_Problem requirements_: Return exactly the lines from the start of the records below through the line containing "電極上搭載的4個特殊加工加熱", both ends included, and leave out the pictures.

_Source data_:
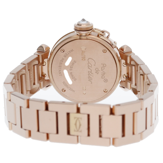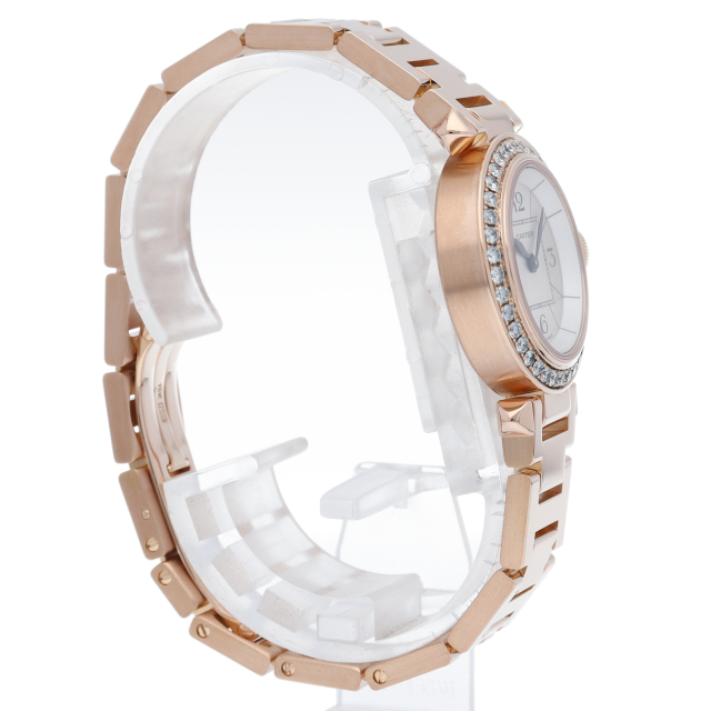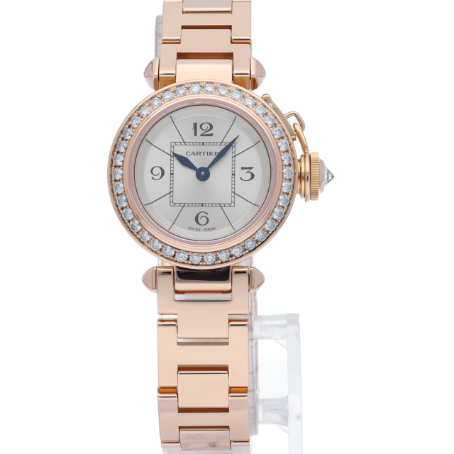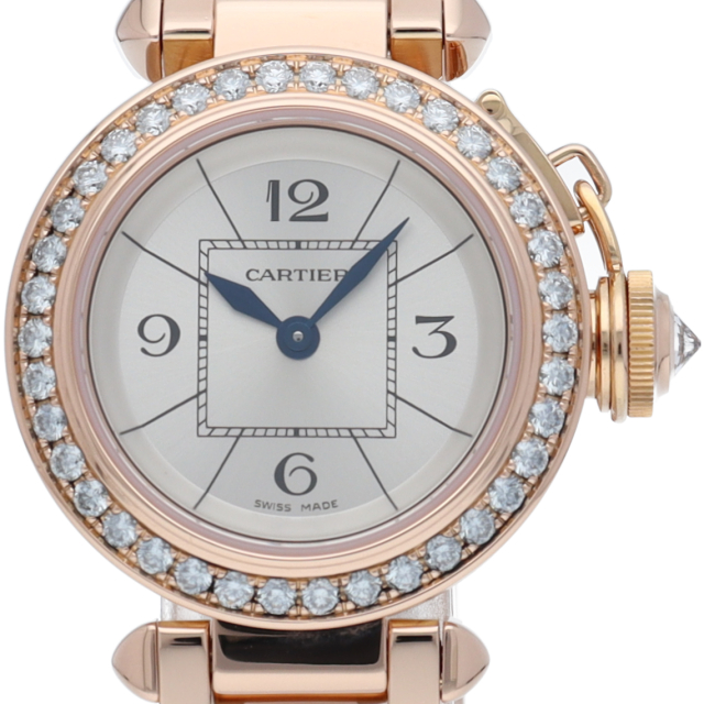 カルティエの人気「パシャ」シリーズの小振りで女性にオススメの新型モデル、ミスパシャ。可愛らしいデザインでシンプルにまとまったスタイルを選ばない1本。ベゼルにはダイヤモンドが施されております。
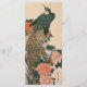 Peacock and Peonies (early 1840s) by Hiroshige is a vintage Japanese fine art wood block painting featuring a beautiful peacock bird with peony flowers in bloom. This image originally came from a woodblock print.
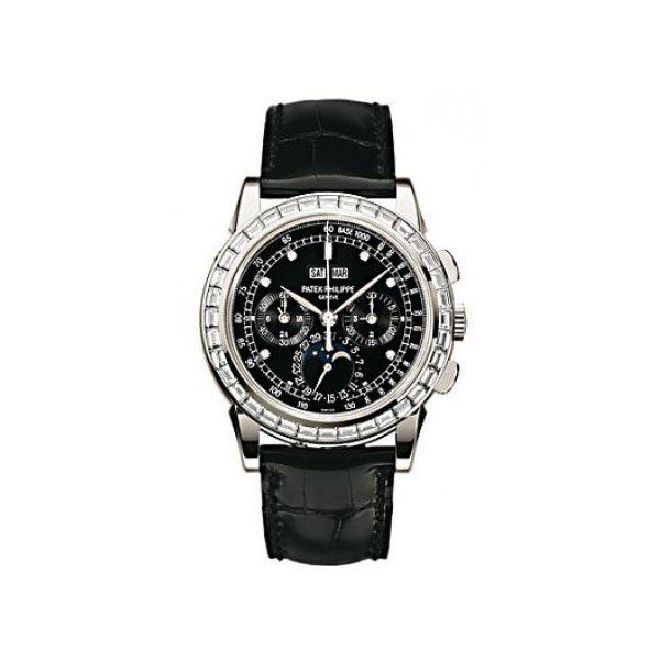 Water resistant at 30 meters / 100 feet. Functions: perpetual calendar, chronograph, column wheel, leap year, month, date, day, hour, minute, small second, day/night indicator. Additional Info: bezel is set with 36 baguette diamonds (3.88 ct.). Luxury watch style. Patek Philippe Grand Complications 5971P-001 Mechanical Perpetual Chronograph Diamond Black Dial Men’s Watch.
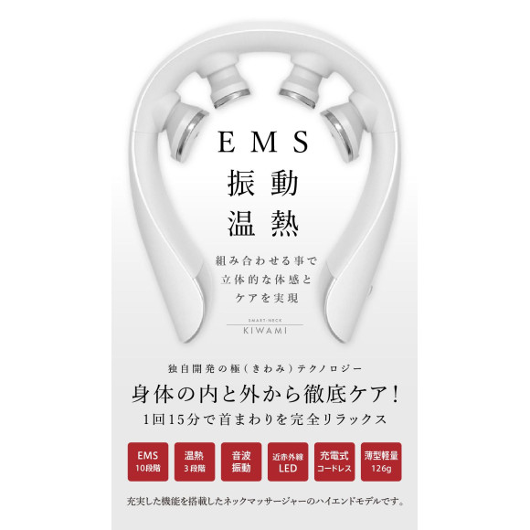 電極上搭載的4個特殊加工加熱器和12個近紅外線LED,從脖子周圍的肌肉表面到深處都能得到充分的溫暖和護理。
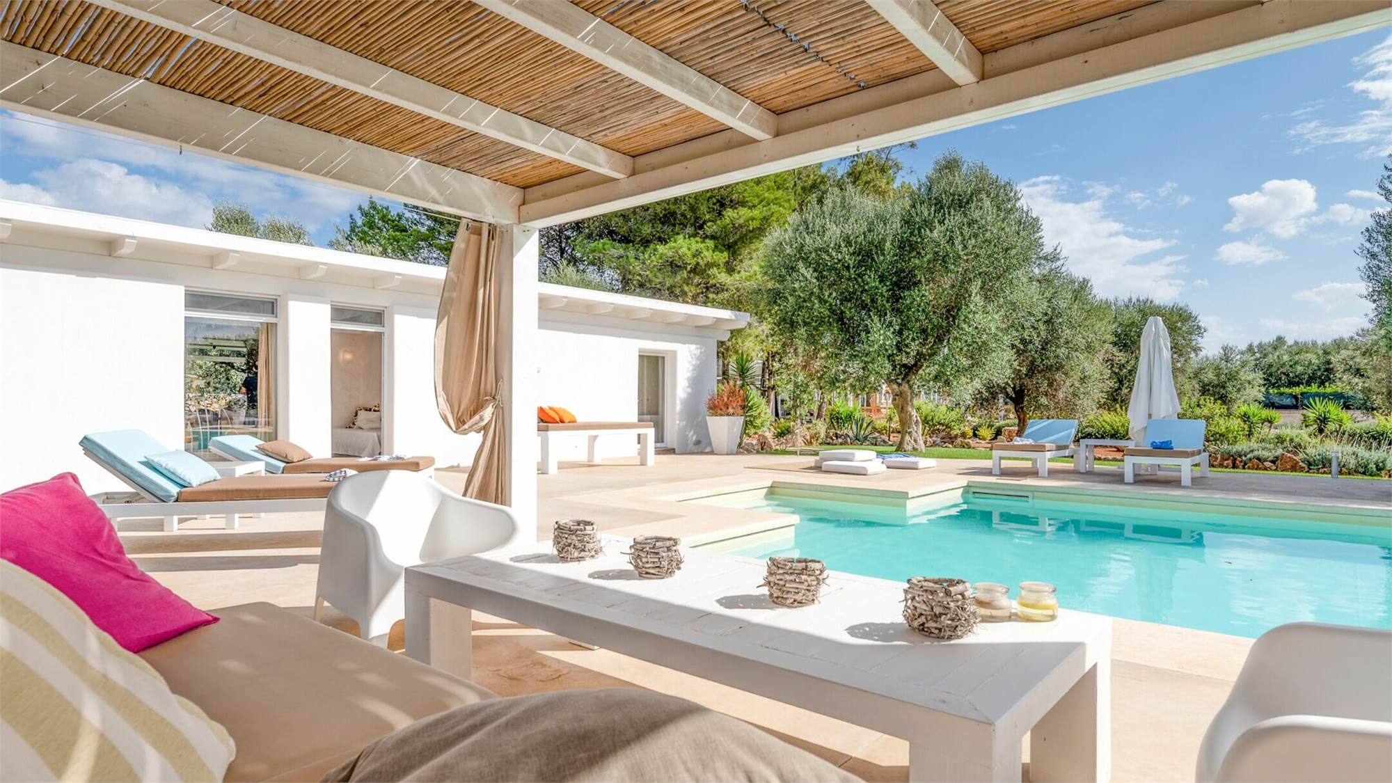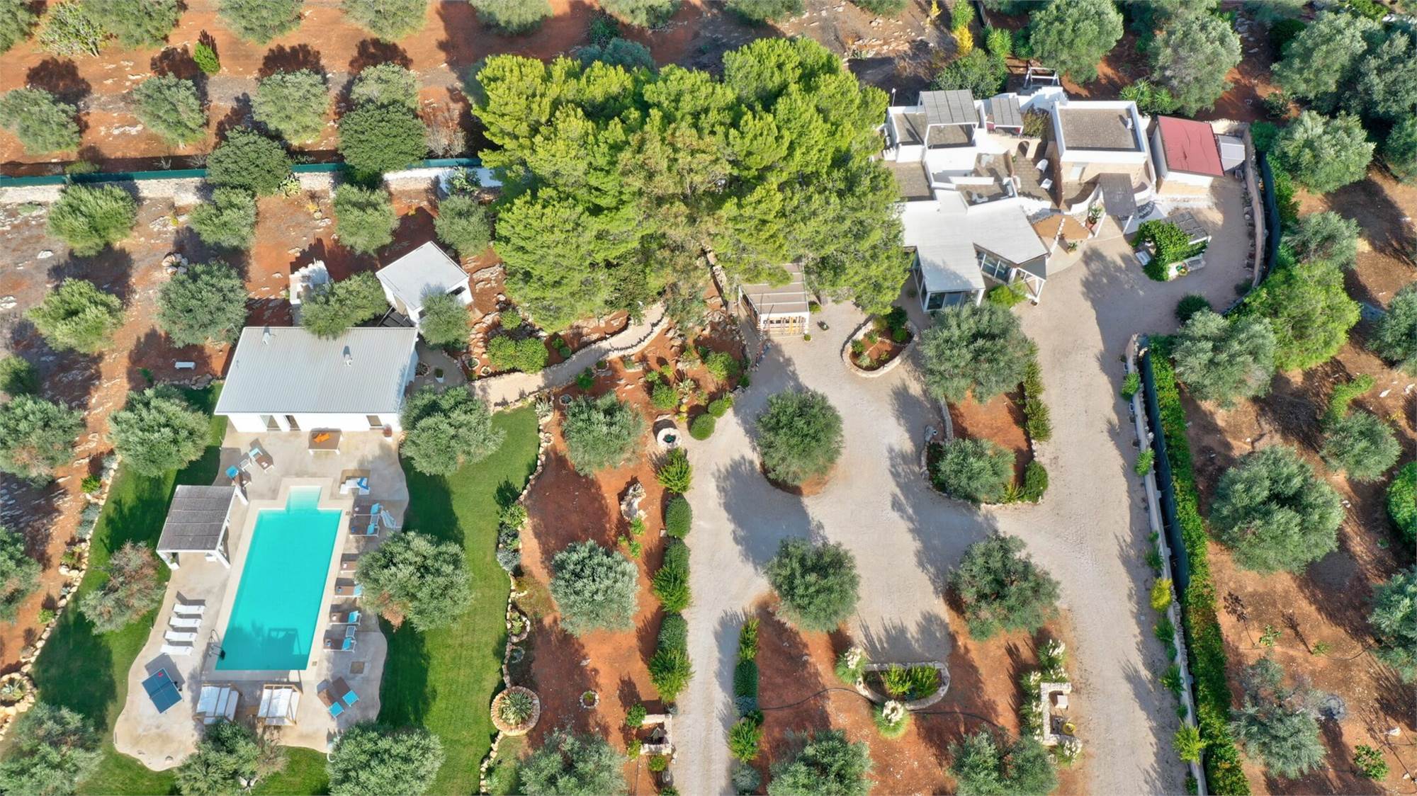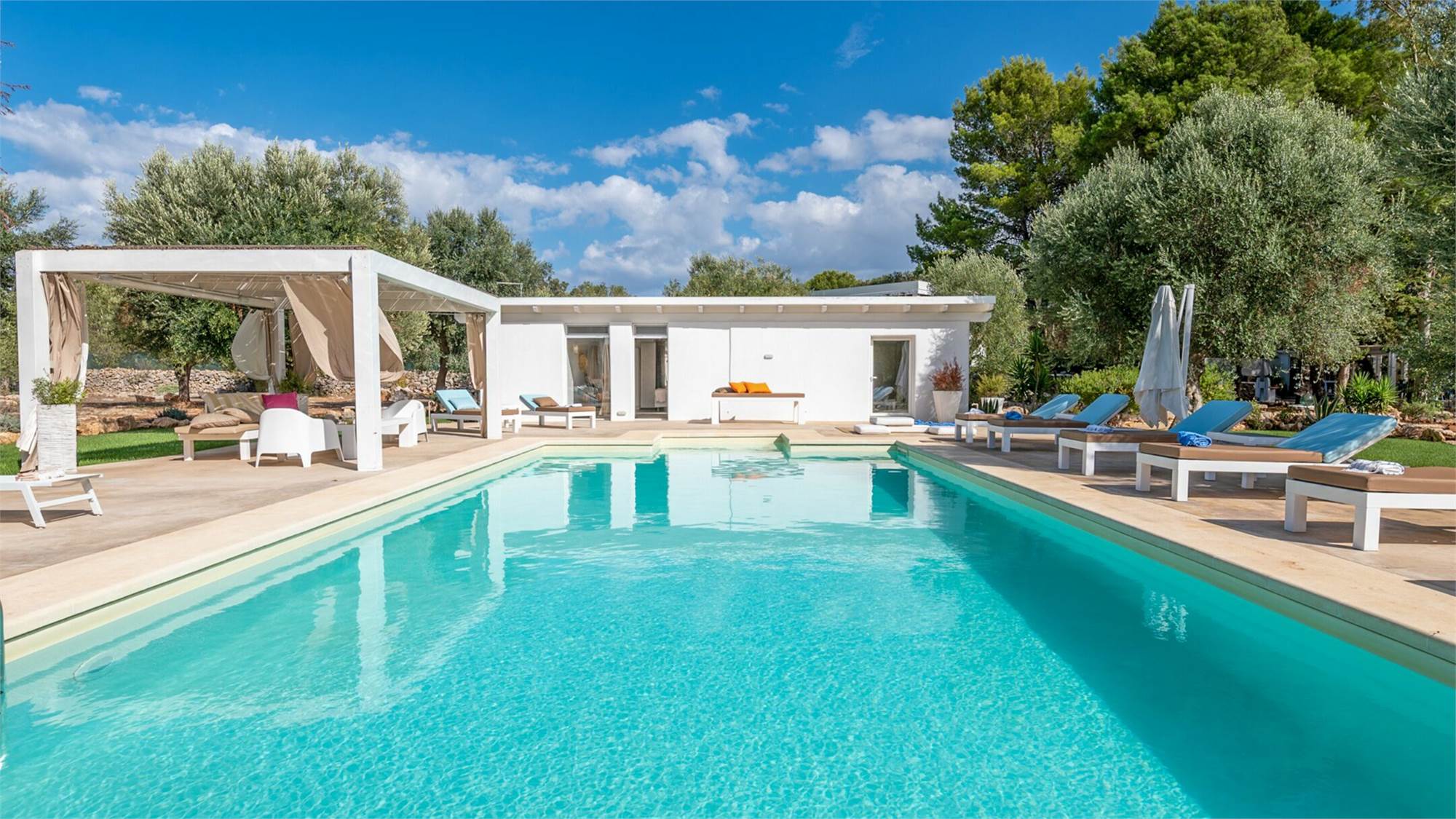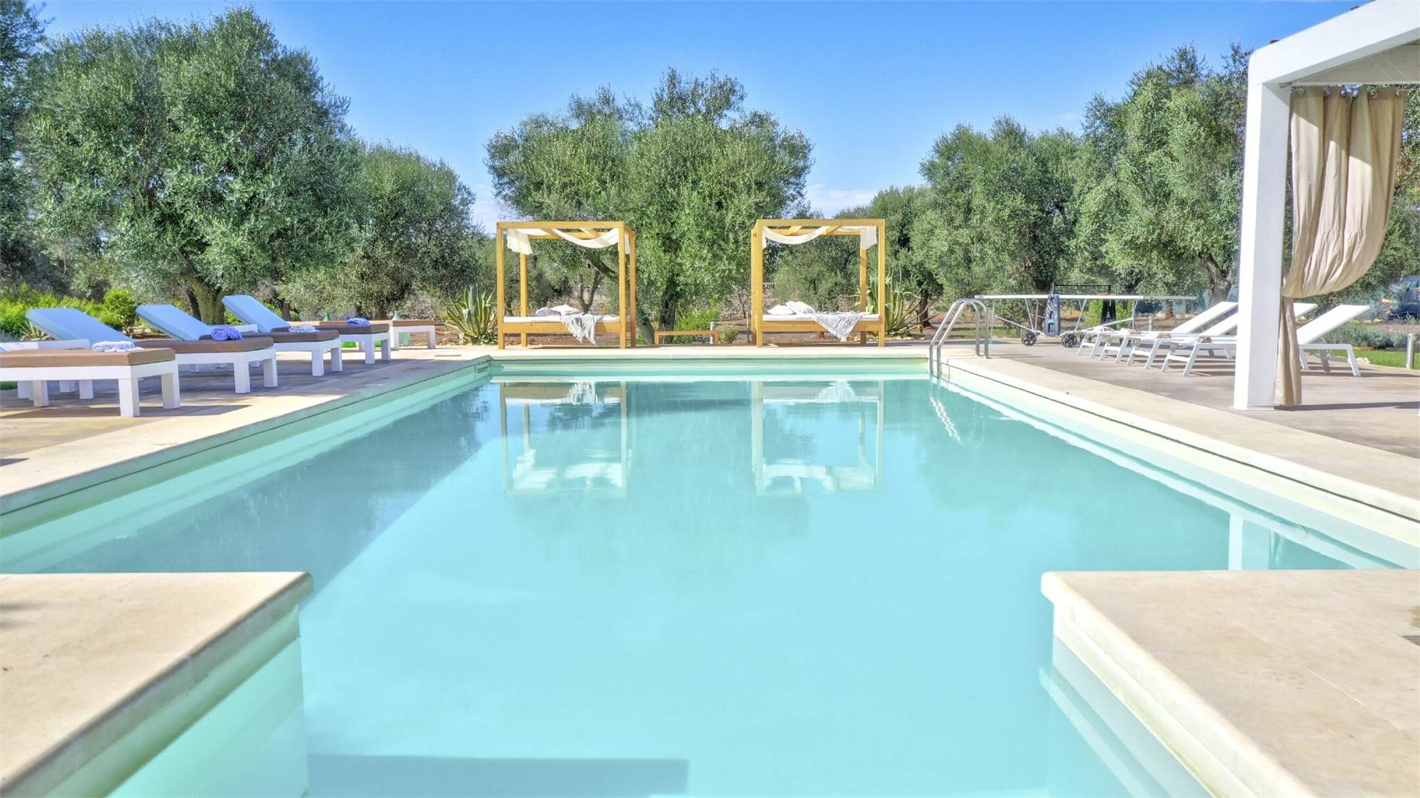 The external environments have been designed to satisfy every type of need, every external corner of the villa is used for relaxing activities: the swimming pool (12x6x1.4) with solarium surrounded by the olive trees that embrace the guest, the relaxation area for massages and finally the fitness area.
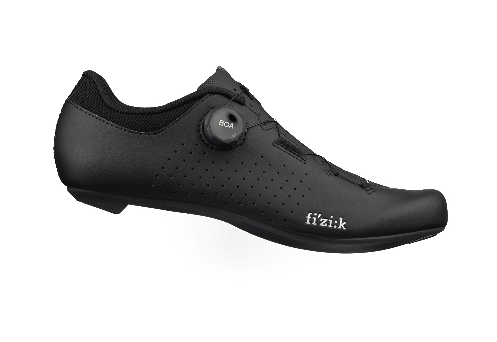 With trickle-down features from the top-level Fizik race shoes, the Fizik Vento Omna Shoes are engineered for performance and comfort for competitive riders. The Vento Omna uses a newly redesigned R5 nylon outsole, this moderately stiff sole balances pedaling efficiency with all-day comfort, with a slightly rearward cleat positioning for less knee compression and increased efficiency. The Li2 BOA® Dial C Fit System uses textile lace guides to adjust tension evenly across the top of the foot, all at the twist of a dial. The ventilated PU upper provides supple comfort, airflow, and a high-density construction for increased stability and power transfer. For gran fondos to criteriums, the Fizik Vento Omna Shoes are race-ready shoes for riders of all types.
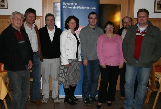 Die wiedergewählte Ortsvorsitzende Ruth Müller (4. von links) mit den Vorstandsmitgliedern der Pfeffenhausener SPD.Zur Jahreshauptversammlung mit Neuwahlen des SPD-Ortsvereins Pfeffenhausen konnte die Ortsvorsitzende Ruth Müller zahlreiche Mitglieder, unter ihnen Altbürgermeister Arno Wolf und die beiden Gemeinderäte Edgar Tretter und Hans Ferstl begrüßen. In ihrem Tätigkeitsbericht informierte Müller über die Aktivitäten des Ortsvereins seit der letzten Jahreshauptversammlung im April 2008.
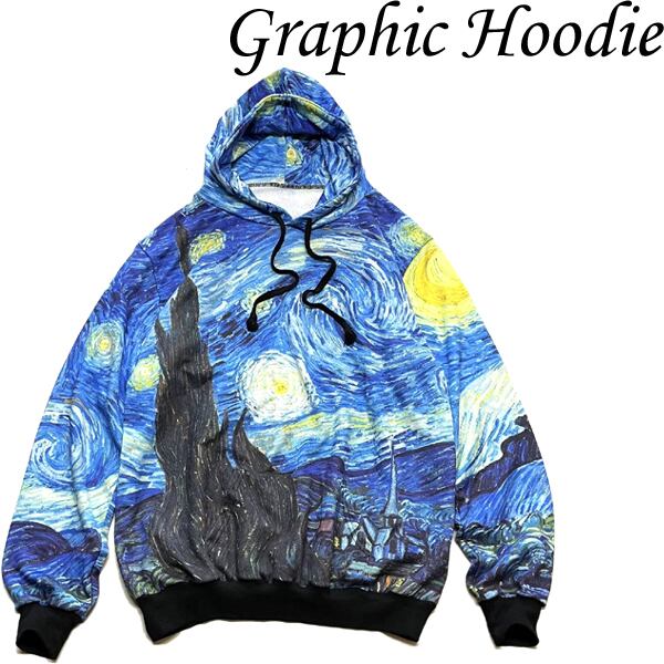 1点物◆ゴッホ星月夜アートプリント総柄スウェットパーカー古着メンズXXLレディースOKアメカジ90sストリートMixスポーツUSトレーナー348692
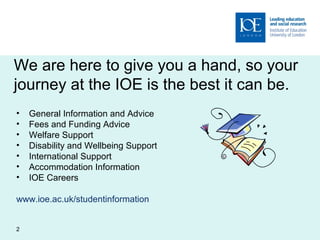 This document provides information about various student support services available at the IOE (Institute of Education). It discusses services like disability and wellbeing support, international student support, accommodation assistance, student funding and welfare, and access to University of London career and student services. Students can contact the IOE Student Support Centre for information, advice, and assistance regarding these various support offerings.
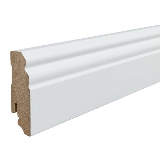 Hvidt fodpanel - Gammeltysk profil, 18 x 70 mm.
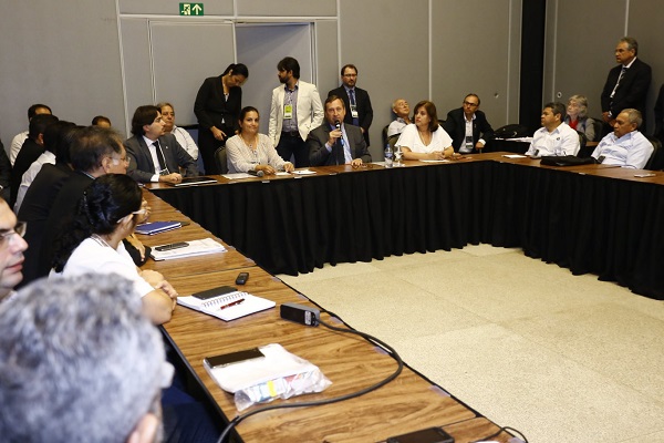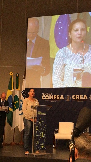 Engenheira Andrea Brondani da Rocha, à direita do presidente do Confea, durante reunião de Colégio de Entidades em Brasília. Créditos: Arquivo Confea

_Exercise answer_:
 カルティエの人気「パシャ」シリーズの小振りで女性にオススメの新型モデル、ミスパシャ。可愛らしいデザインでシンプルにまとまったスタイルを選ばない1本。ベゼルにはダイヤモンドが施されております。
 Peacock and Peonies (early 1840s) by Hiroshige is a vintage Japanese fine art wood block painting featuring a beautiful peacock bird with peony flowers in bloom. This image originally came from a woodblock print.
 Water resistant at 30 meters / 100 feet. Functions: perpetual calendar, chronograph, column wheel, leap year, month, date, day, hour, minute, small second, day/night indicator. Additional Info: bezel is set with 36 baguette diamonds (3.88 ct.). Luxury watch style. Patek Philippe Grand Complications 5971P-001 Mechanical Perpetual Chronograph Diamond Black Dial Men’s Watch.
 電極上搭載的4個特殊加工加熱器和12個近紅外線LED,從脖子周圍的肌肉表面到深處都能得到充分的溫暖和護理。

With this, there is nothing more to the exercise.